March 1, 2014 5:15 PM | Lena LeRay
Gaming In Color is a crowdfunded documentary about the queer gaming community, and Anna Anthropy was commissioned to make a special game to be used as a reward for their Kickstarter backers. They got the game a month ago, but now that the period of exclusivity has ended, anyone can enjoy it. Where in the Galaxy is Kremlin San Antonio? is a Twine detective game with an encyclopedia of fictitious planets, and you are the only one who can stop the interstellar criminal in her tracks. Once you've confirmed how many tentacles you have, of course.
Any game with branching narrative has the potential for replay value, but Where in the Galaxy is Kremlin San Antonio? is explicitly designed to be played multiple times. Each playthrough is a crime to solve in the vein of Where in the World is Carmen Sandiego?: Kremlin San Antonio has stolen something, and you have to start at the scene of the crime and follow clues to track her down. There are two people at the crime scene who will give you clues pointing to another planet, and that starts you planet-hopping to find Kremlin San Antonio.

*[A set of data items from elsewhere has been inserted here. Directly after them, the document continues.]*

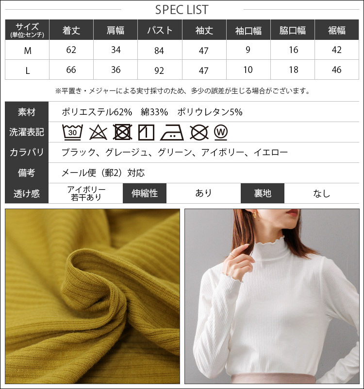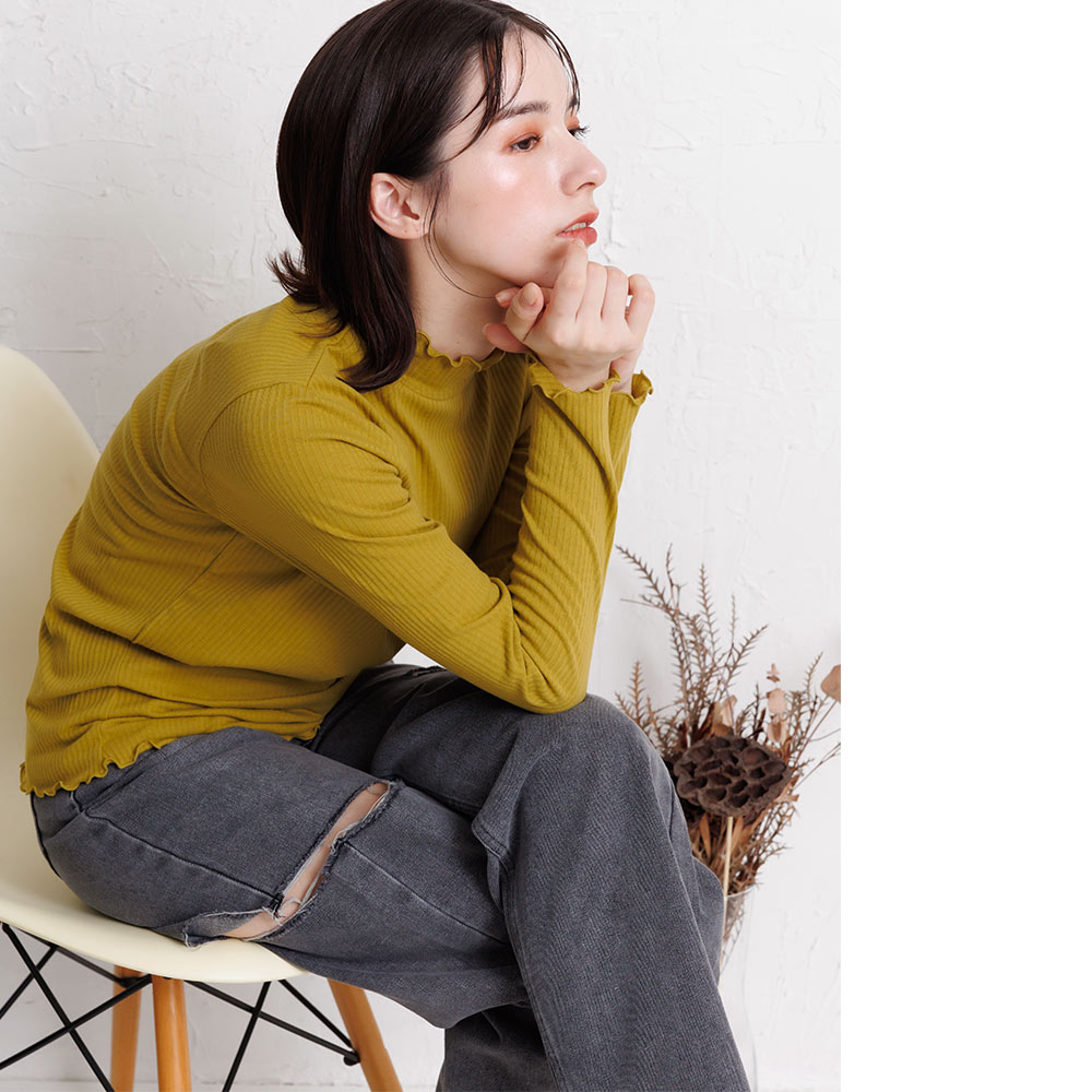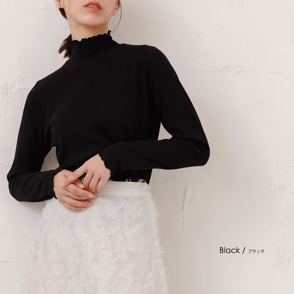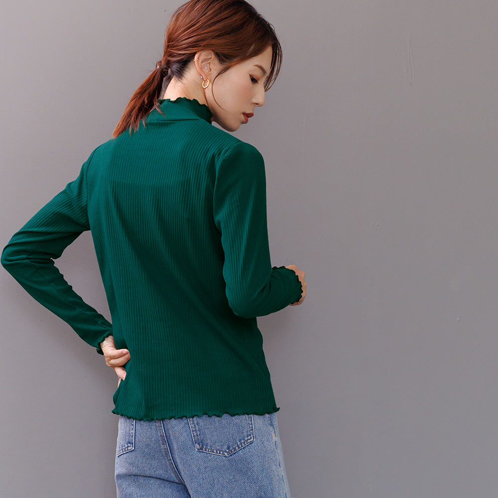 ハイネック長袖Tシャツ トップス レディース メロートップス リブインナー カットソー (郵2) ポイント消化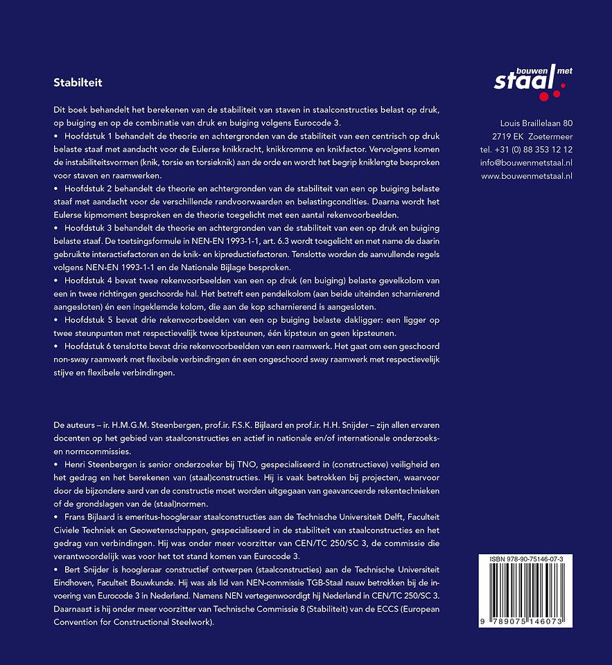 Dit boek behandelt het berekenen van de stabiliteit van staven in staalconstructies belast op druk, op buiging en op de combinatie van druk en buiging volgens Eurocode 3.
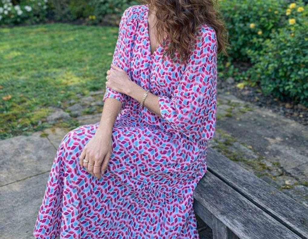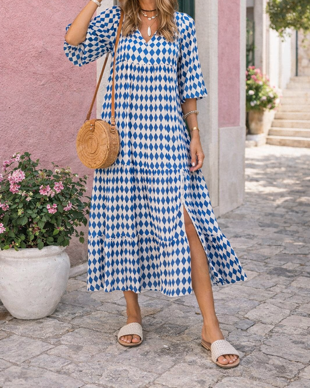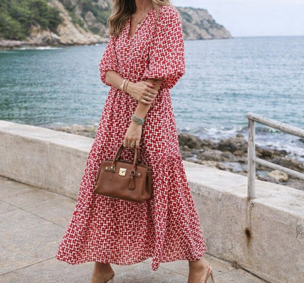 The maxi dress is a light and airy piece that offers a relaxed midi silhouette. It features a V-neckline and short, fluttery sleeves that create a flattering look. The dress is designed to be both comfortable and stylish, perfect for warm days. The playful hem dances around your calves as you walk, creating an elegant movement.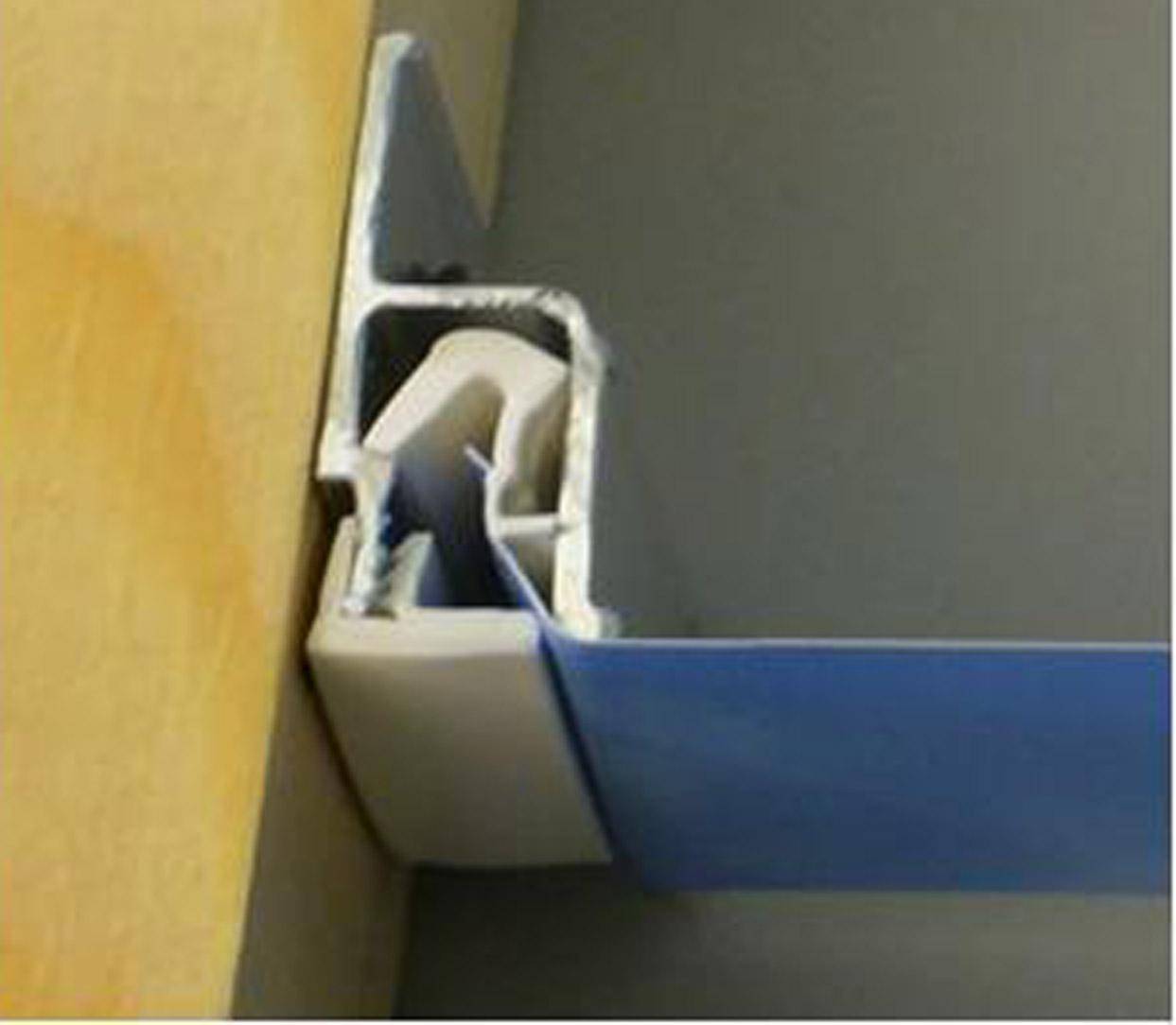 - Гарпун для фиксации полотна в профиле, приваренный к натяжному полотну заводится в багет, внутренний паз которого формой соответствует гарпунной кромке, и закрепляется к нему вместе с полотном, цепляясь за выступ на профиле.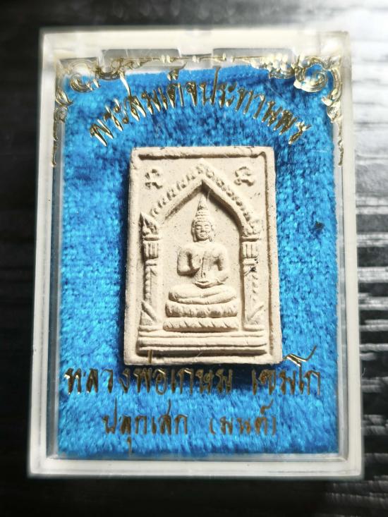 สร้างตั้งแต่ปี 2529 ด้วยผงพุทธคุณอิทธิเจวิเศษ ของพระคณาจารย์ และพระเกจิอาจารย์ ผู้ทรงคุณวุฒิ อิทธิฤทธิ์ และบุญฤทธิ์ปาฏิหาริย์ แกกล้าในวิชาอาคม มีชื่อเสียงโด่งดังเป็นที่นิยมยกย่องในความขลังศักดิ์สิทธิ์ ตั้งแต่สมัยโบราณจนถึงปัจจุบัน พระสมเด็จประทานพร หลวงพ่อเกษมเขมโก มี 2 พิมพ์คือ พิมพ์เล็ก และ พิมใหญ่ จำนวนพิมพ์ละ 5000 องค์ ส่วนองค์ที่โชว์นี้เป็นพิมพ์เล็ก ขนาดพอๆกับพระวัดปากน้ำ สร้างโดยพระอาจารย์สมุห์เลี้ยง วัดไตรมิตรวิทยาราม เมื่อปี 2530 เพื่อหารายได้ไปสมทบทุนสร้างกุฏิอนุสรณ์พระวิสุทธาธิบดี ณ วัดบางนาง อ.พานทอง จ.ชลบุรี ฉะนั้นพระสมเด็จประทานพร ทั้งพิธิกรรมการสร้าง พิธีกรรมด้านวัตถุมงคล พิธีกรรมปลุกเสก ได้ทำถูกต้องตามตำราและแบบแผนการสร้าง พระของโบราณ คณาจารย์เป็นอย่างดีที่สุด จึงนับว่าเป็นวัตถุมงคลอันสูงสุด ที่สาธุชนทั่งไปมีไว้ติดตัว เพื่อความเป็นสวัสดิมงคลแก่ชีวิต และเพื่อให้เกิดประสิทธิภาพแห่งอานุภาพพุทธคุณ เป็นความขลังความศักดิ์สิทธิ์อิทธิฤทธิ์ปาฏิหาริย์แก่ผู้บูชานั้น ควรปฏิบัติดังนี้ ก่อนจะนอนหรือก่อนจะออกจากบ้านไปทำธุรกิจ ควรนำพระสมเด็จประทานพร ขึ้นพนมมือแล้วตั้งจิตให้เป็นสมาธิ นึกว่าพระอยู่ที่ใจ และภาวนาว่า อะระหัง พุทโธ นะ ชาลีติ หลายๆครั้ง ให้เป็นภาวนาสมาธิ จะปฏิบัติได้มากหรือน้อย ให้ขึ้นอยู่กับความสะดวกและโอกาส พระสมเด็จประทานพร จะแผ่อานุภาพหนุนดวงชะตา เสริมวาสนาบารมีผู้บูชา ให้ประสบความสุข ความเจริญรุ่งเรืองในชีวิต ทั้งด้านอาชีพการงานและฐานะสัมฤทธิ์ผลสมความปรารถนา และประสบมหาโชคลาภ มีเสน่ห์เมตตามหานิยมสูง แคล้วคลาดอุปสรรคอันตราย ทั้งปวง โดยใช้มวลสารในการสร้างประกอบด้วย ผงวิเศษ 16 ชนิด คือ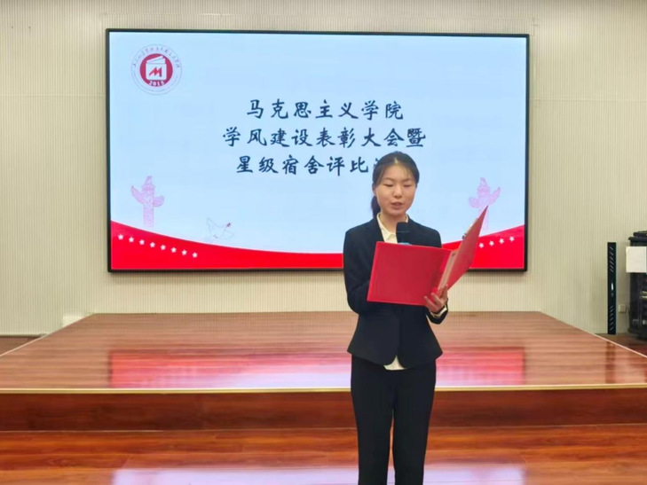 为深化学风建设,打造特色宿舍文化,12月12日,马克思主义学院于2教310会议室举办学风建设表彰大会暨星级宿舍评比活动。本次活动由关雅琪同学主持,学生科长尚璐璐老师、副科级秘书郑连盟老师及辅导员李宇奇老师出席,获奖宿舍成员与2025级全体学生参加。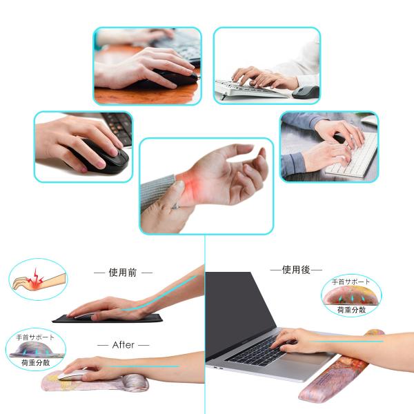 低反発なメモリーウレタンフォーム素材を採用し、円弧型のデザイン、完璧な手首のフィット感、触り心地がとても柔らかくて、手の肌に優しいです。リストレスト部は反発弾性が非常良く、優れた衝撃吸収性能を持っています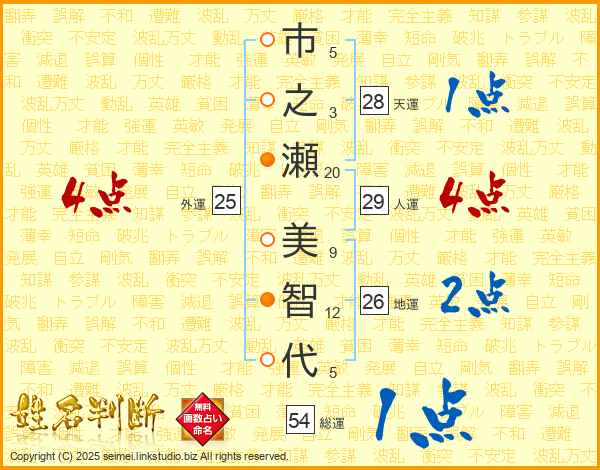市(5画)之(3画)瀬(20画) 美(9画)智(12画)代(5画)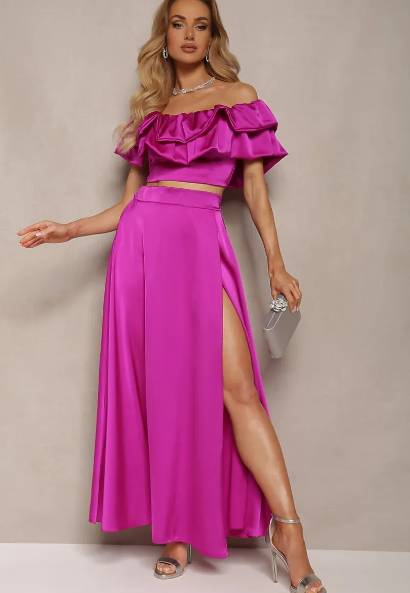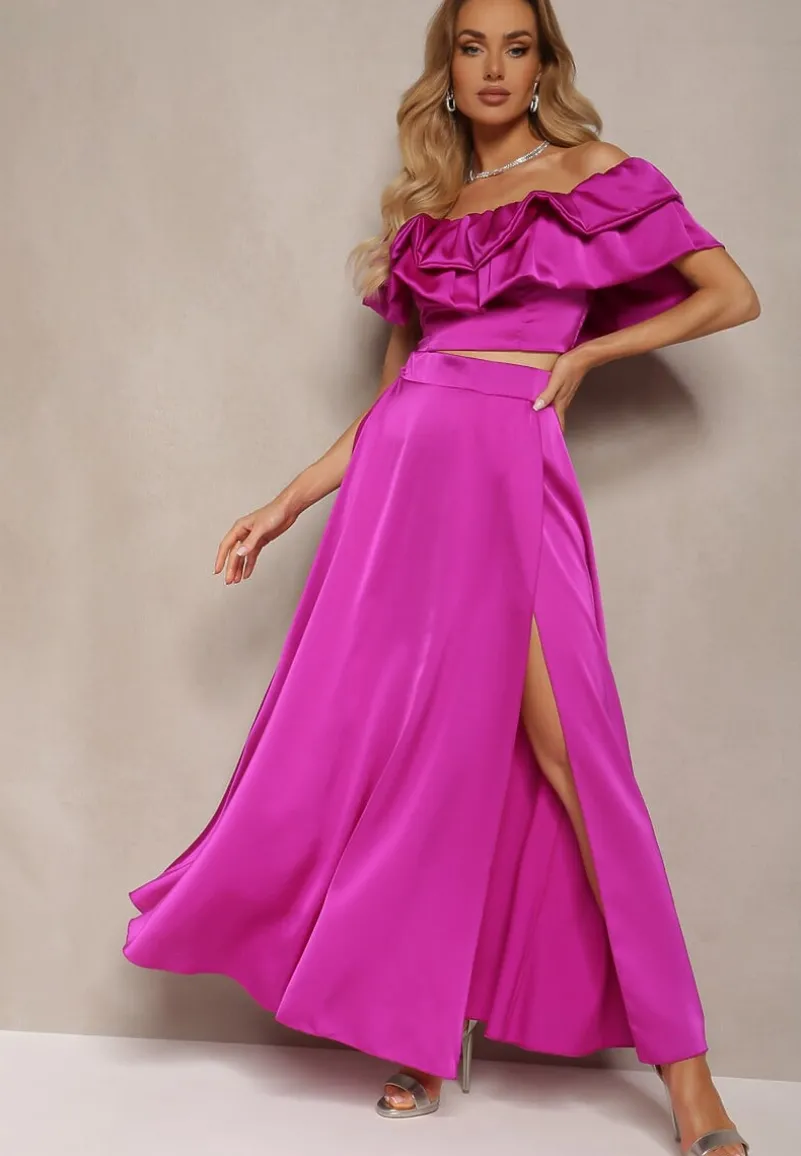 Komplet Virera to must-have każdej modnej kobiety, która chce podkreślić swoją kobiecość i osobowość. Hiszpanka idealnie wpisuje się w letnie wieczory oraz wielkie wyjścia, oferując swobodę ruchów i podkreślając ramiona. Długa spódnica o rozkloszowanym kształcie z rozcięciem na boku dodaje gracji przy każdym kroku. Stylizuj ten komplet z delikatnymi sandałami na obcasie i subtelną biżuterią na szczególne okazje — komplet Virera świetnie sprawdzi się na wesele.

But how do you know where to go? Check the encyclopedia, of course! Although it's a Twine game, Where in the Galaxy is Kremlin San Antonio? has a custom interface with an encyclopedia of all the worlds you can travel to embedded in the right-hand side. Each world is unique and entertaining, if not necessarily scientifically plausible. I don't want to spoil the joy of discovery by going into too much details about the worlds, but one of them is an enormous cat floating through space with a civilization built on its belly and another one has volcanoes that erupt caramel instead of magma. It's worth reading through the entire encyclopedia before getting started, not just for its own entertainment value but because it will make the game easier if you already know something about all of the worlds.
Where in the Galaxy is Kremlin San Antonio? does a great job of supporting diversity by largely removing differences between groups of people from the equation altogether. At the beginning of the game, you are asked to profile yourself, but things like gender and race never come into it. Decisions about things like the number of tentacles you have (few, some, or many) and whether or not you've ever been in a relationship with Kremlin San Antonio don't have any effect on most of the game. Only at the very end do your beginning decisions make any difference, and even then they just affect the branching dialogue options that are available to you. Throughout the game, descriptions of characters generally just involve descriptions of their clothing or what they are doing coupled with some gender pronoun. There's a planet whose entire population serves in consensual slavery to their queen and a couple of other references to sexual things, but those fit in with all the other humorous details that make up the body of general information about the scenes in the story and the greater setting. Overall, the game does a fantastic job of being open to whatever your imagination wants to put there.
Whether or not diversity is your thing, though, if you like the idea of a detective text adventure along the lines of the Carmen Sandiego games, you will likely enjoy Where in the Galaxy is Kremlin San Antonio?. The visual break from the usual Twine user interface is a nice change of pace, and at a price of $3 with replay value and good writing, it's worth checking out.